→ Supplied material:

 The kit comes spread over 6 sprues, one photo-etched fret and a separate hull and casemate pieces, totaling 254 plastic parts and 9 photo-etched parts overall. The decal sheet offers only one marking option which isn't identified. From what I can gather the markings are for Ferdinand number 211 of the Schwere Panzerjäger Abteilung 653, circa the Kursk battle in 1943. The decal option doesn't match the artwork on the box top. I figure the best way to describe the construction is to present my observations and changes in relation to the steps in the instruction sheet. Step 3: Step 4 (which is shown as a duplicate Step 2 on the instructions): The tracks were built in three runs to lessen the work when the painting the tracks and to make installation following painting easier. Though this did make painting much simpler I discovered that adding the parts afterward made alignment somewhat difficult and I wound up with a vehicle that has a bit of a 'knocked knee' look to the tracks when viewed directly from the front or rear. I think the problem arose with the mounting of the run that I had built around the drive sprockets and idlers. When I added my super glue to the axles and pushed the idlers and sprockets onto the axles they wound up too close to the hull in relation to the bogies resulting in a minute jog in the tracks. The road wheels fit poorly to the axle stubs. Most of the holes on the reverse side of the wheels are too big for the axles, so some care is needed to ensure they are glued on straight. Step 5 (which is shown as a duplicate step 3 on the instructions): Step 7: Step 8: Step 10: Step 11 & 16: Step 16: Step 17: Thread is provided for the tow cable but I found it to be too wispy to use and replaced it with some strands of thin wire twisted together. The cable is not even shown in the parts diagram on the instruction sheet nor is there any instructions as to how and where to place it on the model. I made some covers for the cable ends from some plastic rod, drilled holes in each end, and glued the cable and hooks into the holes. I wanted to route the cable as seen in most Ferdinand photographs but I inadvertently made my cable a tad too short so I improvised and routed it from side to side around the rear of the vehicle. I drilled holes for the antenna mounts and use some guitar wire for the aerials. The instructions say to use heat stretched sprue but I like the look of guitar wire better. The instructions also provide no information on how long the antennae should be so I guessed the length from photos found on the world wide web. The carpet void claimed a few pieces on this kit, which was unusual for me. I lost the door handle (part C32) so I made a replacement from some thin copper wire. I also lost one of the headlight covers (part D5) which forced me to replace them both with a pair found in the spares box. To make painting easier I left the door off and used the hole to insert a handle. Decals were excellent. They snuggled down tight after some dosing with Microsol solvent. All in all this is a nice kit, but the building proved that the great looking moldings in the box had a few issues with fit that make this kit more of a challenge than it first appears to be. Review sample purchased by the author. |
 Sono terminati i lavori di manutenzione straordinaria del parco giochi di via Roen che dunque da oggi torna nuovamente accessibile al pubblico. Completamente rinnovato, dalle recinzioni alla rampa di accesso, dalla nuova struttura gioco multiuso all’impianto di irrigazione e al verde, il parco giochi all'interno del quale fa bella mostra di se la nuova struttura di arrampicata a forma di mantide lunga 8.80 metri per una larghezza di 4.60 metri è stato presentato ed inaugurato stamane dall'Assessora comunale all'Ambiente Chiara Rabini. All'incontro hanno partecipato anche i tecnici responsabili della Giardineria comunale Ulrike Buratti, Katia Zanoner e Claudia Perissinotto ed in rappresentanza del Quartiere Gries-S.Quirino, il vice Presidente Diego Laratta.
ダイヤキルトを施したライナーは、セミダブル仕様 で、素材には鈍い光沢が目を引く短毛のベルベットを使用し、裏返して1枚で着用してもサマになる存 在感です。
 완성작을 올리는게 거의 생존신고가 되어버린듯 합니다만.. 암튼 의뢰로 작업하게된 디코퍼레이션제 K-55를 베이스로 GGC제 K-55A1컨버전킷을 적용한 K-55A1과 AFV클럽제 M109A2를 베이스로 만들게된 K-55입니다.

→ What you should do:
Word for word, print the listing above once more.

→ Answer box:
 The kit comes spread over 6 sprues, one photo-etched fret and a separate hull and casemate pieces, totaling 254 plastic parts and 9 photo-etched parts overall. The decal sheet offers only one marking option which isn't identified. From what I can gather the markings are for Ferdinand number 211 of the Schwere Panzerjäger Abteilung 653, circa the Kursk battle in 1943. The decal option doesn't match the artwork on the box top. I figure the best way to describe the construction is to present my observations and changes in relation to the steps in the instruction sheet. Step 3: Step 4 (which is shown as a duplicate Step 2 on the instructions): The tracks were built in three runs to lessen the work when the painting the tracks and to make installation following painting easier. Though this did make painting much simpler I discovered that adding the parts afterward made alignment somewhat difficult and I wound up with a vehicle that has a bit of a 'knocked knee' look to the tracks when viewed directly from the front or rear. I think the problem arose with the mounting of the run that I had built around the drive sprockets and idlers. When I added my super glue to the axles and pushed the idlers and sprockets onto the axles they wound up too close to the hull in relation to the bogies resulting in a minute jog in the tracks. The road wheels fit poorly to the axle stubs. Most of the holes on the reverse side of the wheels are too big for the axles, so some care is needed to ensure they are glued on straight. Step 5 (which is shown as a duplicate step 3 on the instructions): Step 7: Step 8: Step 10: Step 11 & 16: Step 16: Step 17: Thread is provided for the tow cable but I found it to be too wispy to use and replaced it with some strands of thin wire twisted together. The cable is not even shown in the parts diagram on the instruction sheet nor is there any instructions as to how and where to place it on the model. I made some covers for the cable ends from some plastic rod, drilled holes in each end, and glued the cable and hooks into the holes. I wanted to route the cable as seen in most Ferdinand photographs but I inadvertently made my cable a tad too short so I improvised and routed it from side to side around the rear of the vehicle. I drilled holes for the antenna mounts and use some guitar wire for the aerials. The instructions say to use heat stretched sprue but I like the look of guitar wire better. The instructions also provide no information on how long the antennae should be so I guessed the length from photos found on the world wide web. The carpet void claimed a few pieces on this kit, which was unusual for me. I lost the door handle (part C32) so I made a replacement from some thin copper wire. I also lost one of the headlight covers (part D5) which forced me to replace them both with a pair found in the spares box. To make painting easier I left the door off and used the hole to insert a handle. Decals were excellent. They snuggled down tight after some dosing with Microsol solvent. All in all this is a nice kit, but the building proved that the great looking moldings in the box had a few issues with fit that make this kit more of a challenge than it first appears to be. Review sample purchased by the author. |
 Sono terminati i lavori di manutenzione straordinaria del parco giochi di via Roen che dunque da oggi torna nuovamente accessibile al pubblico. Completamente rinnovato, dalle recinzioni alla rampa di accesso, dalla nuova struttura gioco multiuso all’impianto di irrigazione e al verde, il parco giochi all'interno del quale fa bella mostra di se la nuova struttura di arrampicata a forma di mantide lunga 8.80 metri per una larghezza di 4.60 metri è stato presentato ed inaugurato stamane dall'Assessora comunale all'Ambiente Chiara Rabini. All'incontro hanno partecipato anche i tecnici responsabili della Giardineria comunale Ulrike Buratti, Katia Zanoner e Claudia Perissinotto ed in rappresentanza del Quartiere Gries-S.Quirino, il vice Presidente Diego Laratta.
ダイヤキルトを施したライナーは、セミダブル仕様 で、素材には鈍い光沢が目を引く短毛のベルベットを使用し、裏返して1枚で着用してもサマになる存 在感です。
 완성작을 올리는게 거의 생존신고가 되어버린듯 합니다만.. 암튼 의뢰로 작업하게된 디코퍼레이션제 K-55를 베이스로 GGC제 K-55A1컨버전킷을 적용한 K-55A1과 AFV클럽제 M109A2를 베이스로 만들게된 K-55입니다.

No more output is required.